Stored items from a collection:

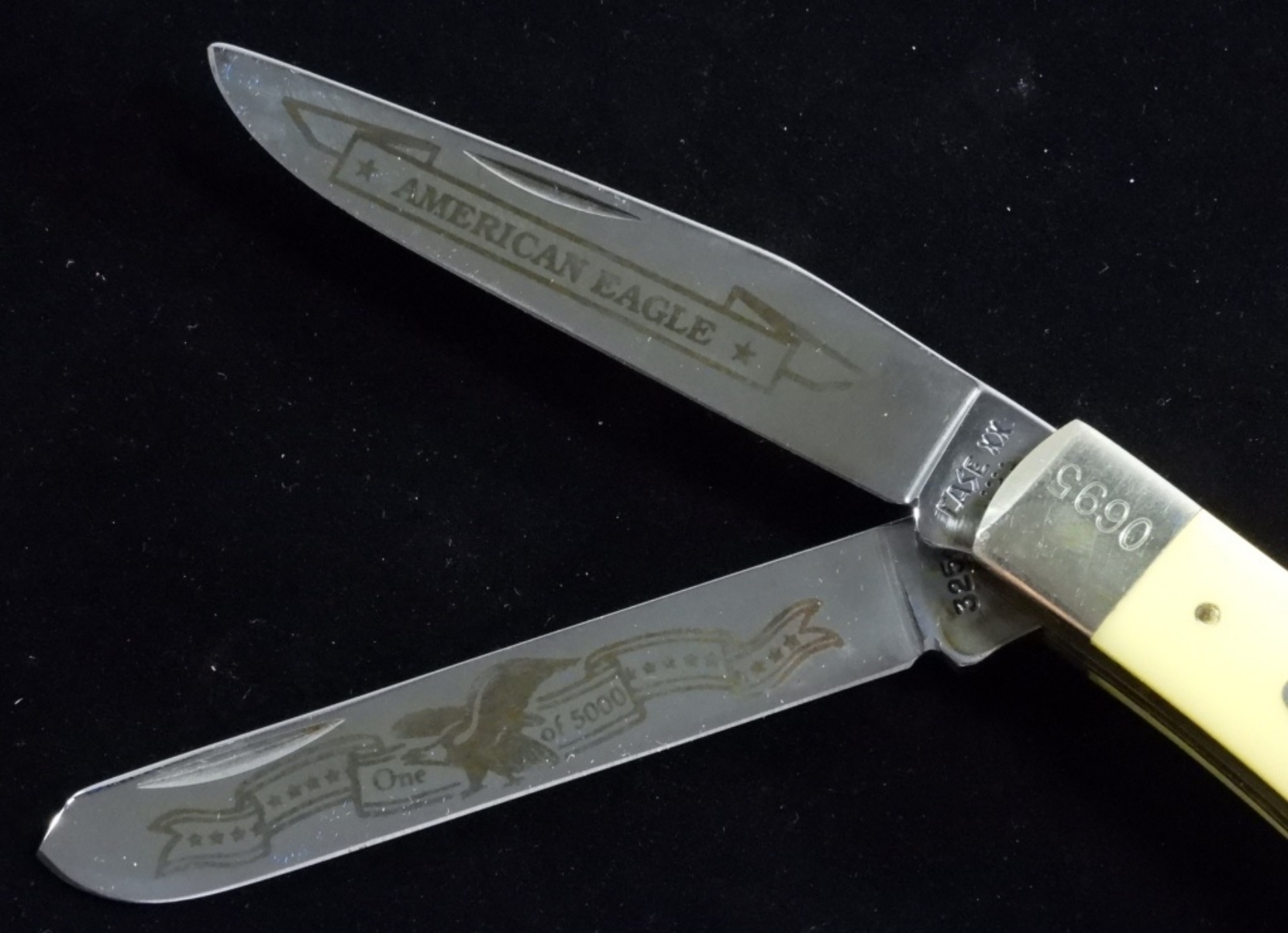 Number 3254.Two blade Yellow handle. American Eagle on one blade and one of 5000 on the other
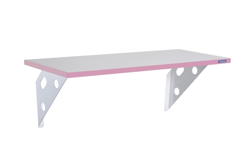PRATELEIRA COLOR EM MADEIRA MACIÇA, COR BRANCA E BORDA ROSA. ACOMPANHA SUPORTE METÁLICO E KIT DE FIXAÇÃO.
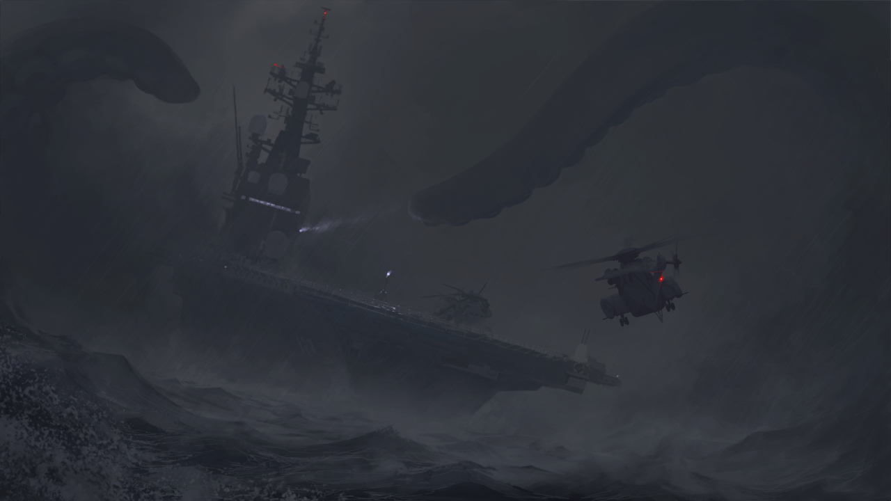 AI艺术、海、船舶、浪、海怪、触手、黑暗、直升机、风暴、航空、母舰、奇幻艺术
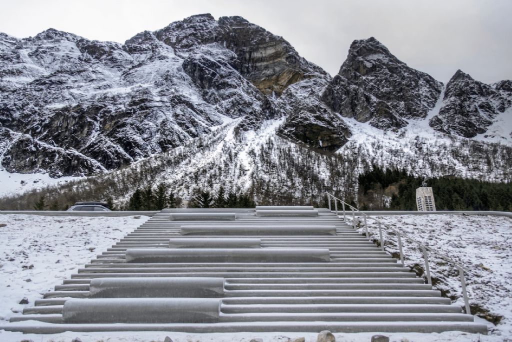 Het uitzicht vanop de trappen op de fjord en de oceaan zorgt voor een unieke ervaring.
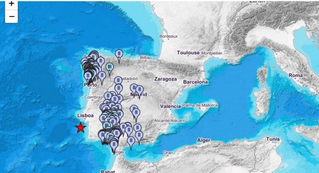 Siete comunidades autónomas del oeste peninsular han sentido el terremoto de magnitud 5,5 registrado esta madrugada en el Atlántico, al sur de la capital de Portugal, Lisboa, según informa el Instituto Geográfico Nacional (IGN) en su página web. En Castilla-La Mancha, Ciudad Real y Puertollano han llegado a sentir el temblor en grado II.
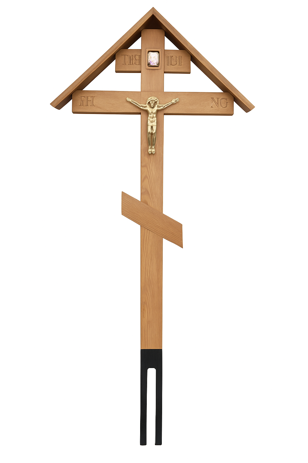 Деревянный крест с металлическим распятием и защитным козырьком. Практичное решение для длительной установки.
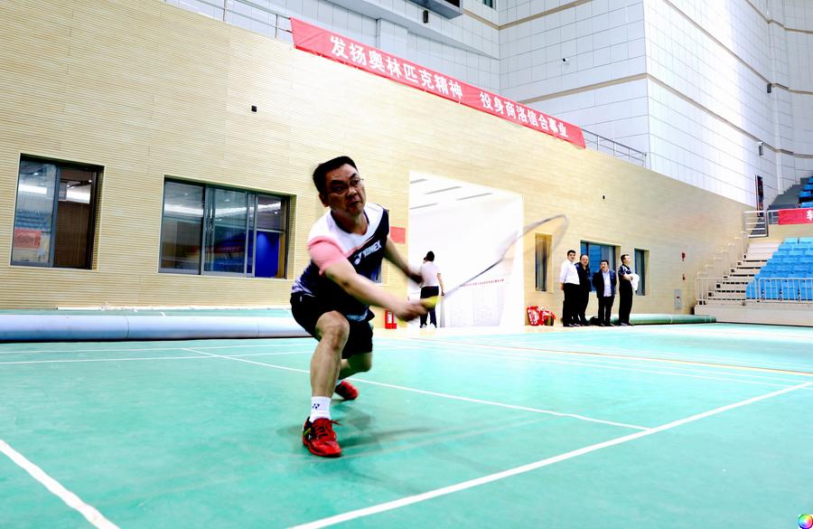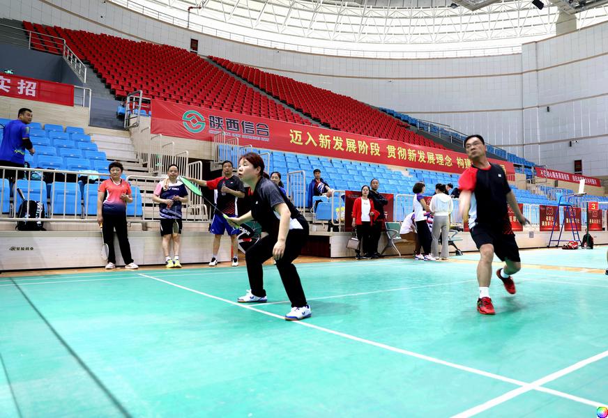 羽毛球场地喊杀连天。男子单打强强对决,商南农商银行选手张教洲脱颖而出,获得季军。混双决赛,何广平/李红梅组合曾一度领先,之后比分交替上升,最终获得亚军。
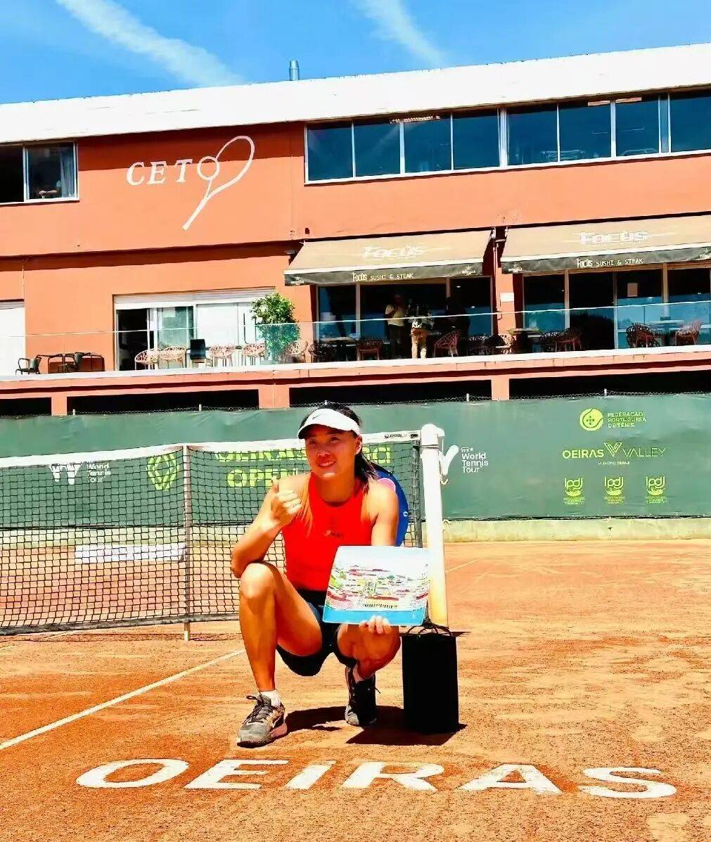 ▲4月27日,在ITF(国际网球联合会)葡萄牙奥埃拉什W100决赛中,袁悦夺得红土首个冠军。
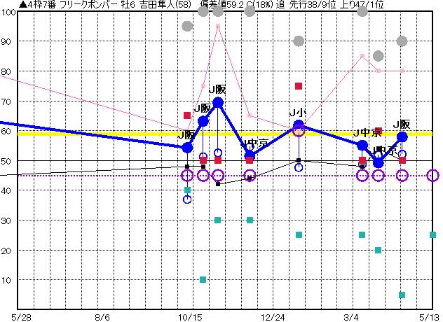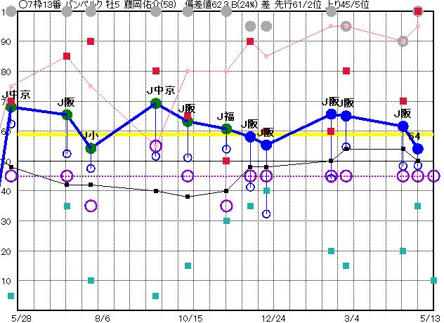 | 13 | バンベルク グラフ表示 | 藤岡佑(58) 牡5 差 | ○ | 60 61 | J京都 1400 23/04/29 8R 54上り49 2/14 | J阪神 1400 23/04/16 12R 62上り48 3/16 | J阪神 1400 23/02/25 8R 65上り55 2/16 | J阪神 1400 23/02/12 7R 66上り44 2/16 | J阪神 1400 22/12/17 8R 55上り32 4/15 |
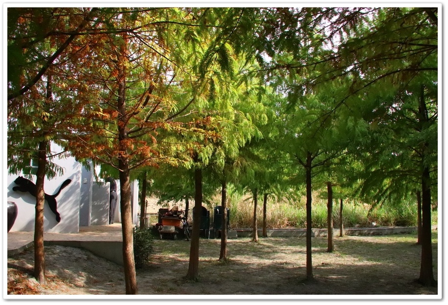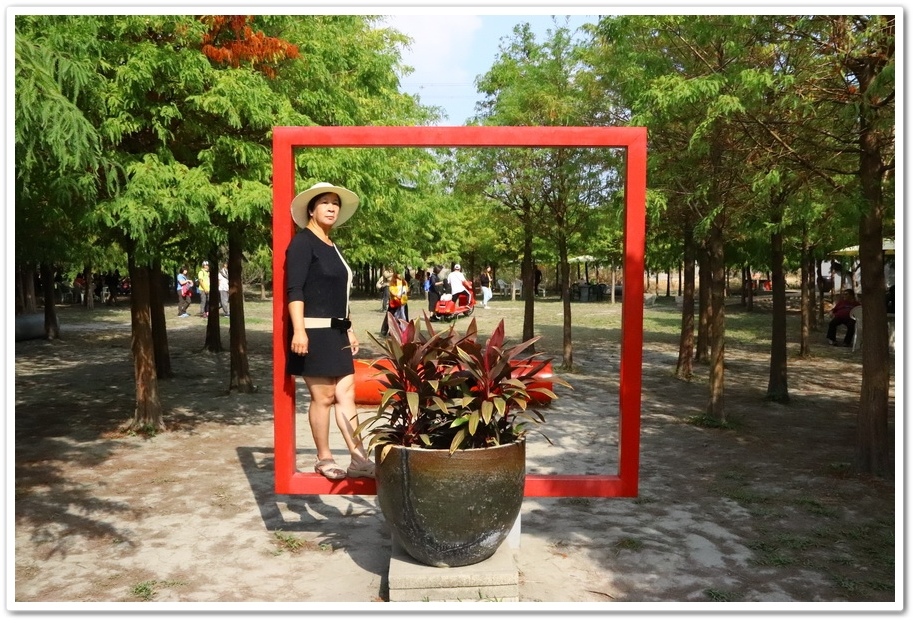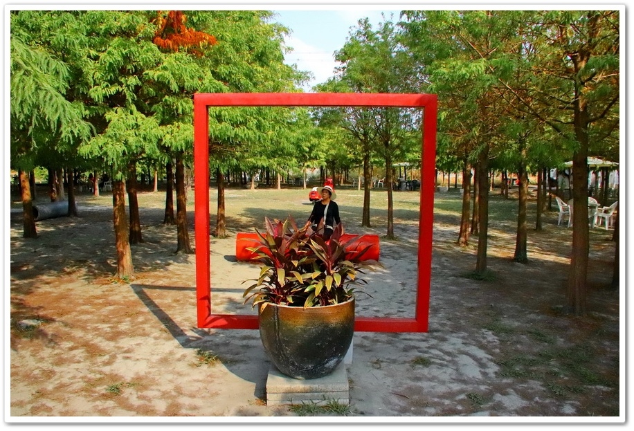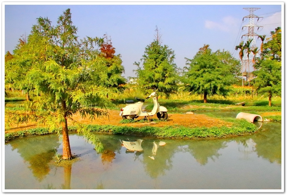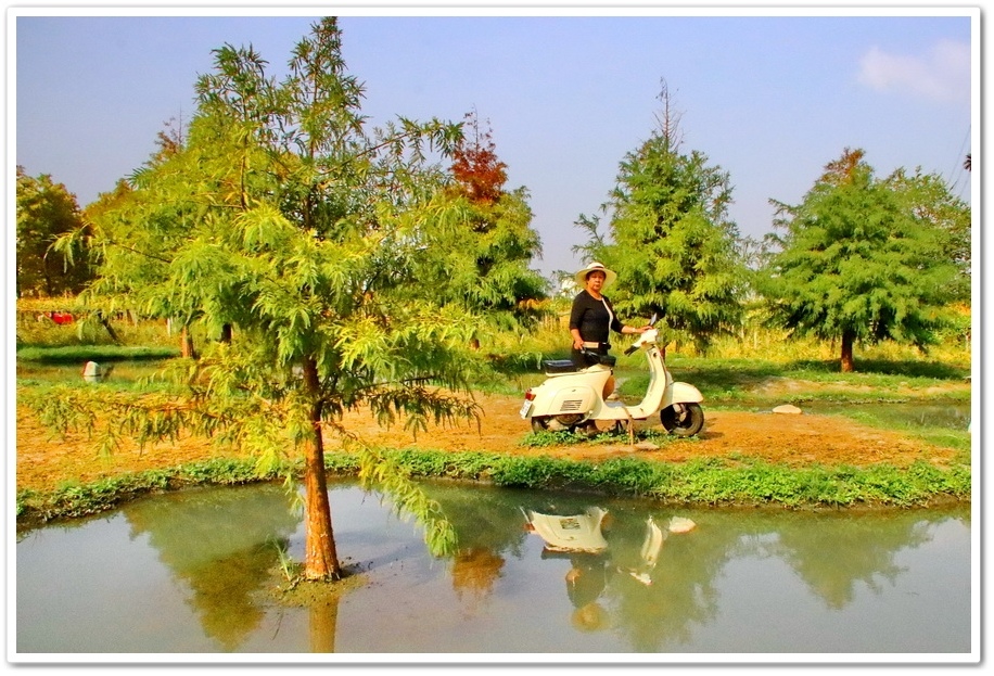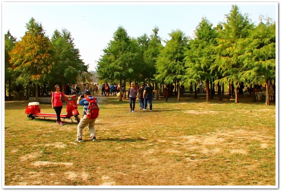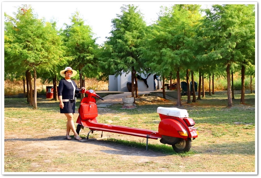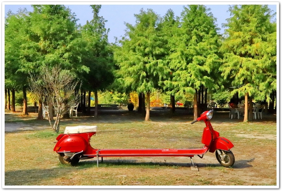 第二區塊則是種植成圓型狀的茂密落羽松森林,空曠的中間,擺放著一輛紅色加長型的偉士牌機車造型,一樣也是大家拍照的重點

### Problem statement
Set down every entry above exactly as written. Leave out all pictures.

### Written solution
 Number 3254.Two blade Yellow handle. American Eagle on one blade and one of 5000 on the other
PRATELEIRA COLOR EM MADEIRA MACIÇA, COR BRANCA E BORDA ROSA. ACOMPANHA SUPORTE METÁLICO E KIT DE FIXAÇÃO.
 AI艺术、海、船舶、浪、海怪、触手、黑暗、直升机、风暴、航空、母舰、奇幻艺术
 Het uitzicht vanop de trappen op de fjord en de oceaan zorgt voor een unieke ervaring.
 Siete comunidades autónomas del oeste peninsular han sentido el terremoto de magnitud 5,5 registrado esta madrugada en el Atlántico, al sur de la capital de Portugal, Lisboa, según informa el Instituto Geográfico Nacional (IGN) en su página web. En Castilla-La Mancha, Ciudad Real y Puertollano han llegado a sentir el temblor en grado II.
 Деревянный крест с металлическим распятием и защитным козырьком. Практичное решение для длительной установки.
 羽毛球场地喊杀连天。男子单打强强对决,商南农商银行选手张教洲脱颖而出,获得季军。混双决赛,何广平/李红梅组合曾一度领先,之后比分交替上升,最终获得亚军。
 ▲4月27日,在ITF(国际网球联合会)葡萄牙奥埃拉什W100决赛中,袁悦夺得红土首个冠军。
 | 13 | バンベルク グラフ表示 | 藤岡佑(58) 牡5 差 | ○ | 60 61 | J京都 1400 23/04/29 8R 54上り49 2/14 | J阪神 1400 23/04/16 12R 62上り48 3/16 | J阪神 1400 23/02/25 8R 65上り55 2/16 | J阪神 1400 23/02/12 7R 66上り44 2/16 | J阪神 1400 22/12/17 8R 55上り32 4/15 |
 第二區塊則是種植成圓型狀的茂密落羽松森林,空曠的中間,擺放著一輛紅色加長型的偉士牌機車造型,一樣也是大家拍照的重點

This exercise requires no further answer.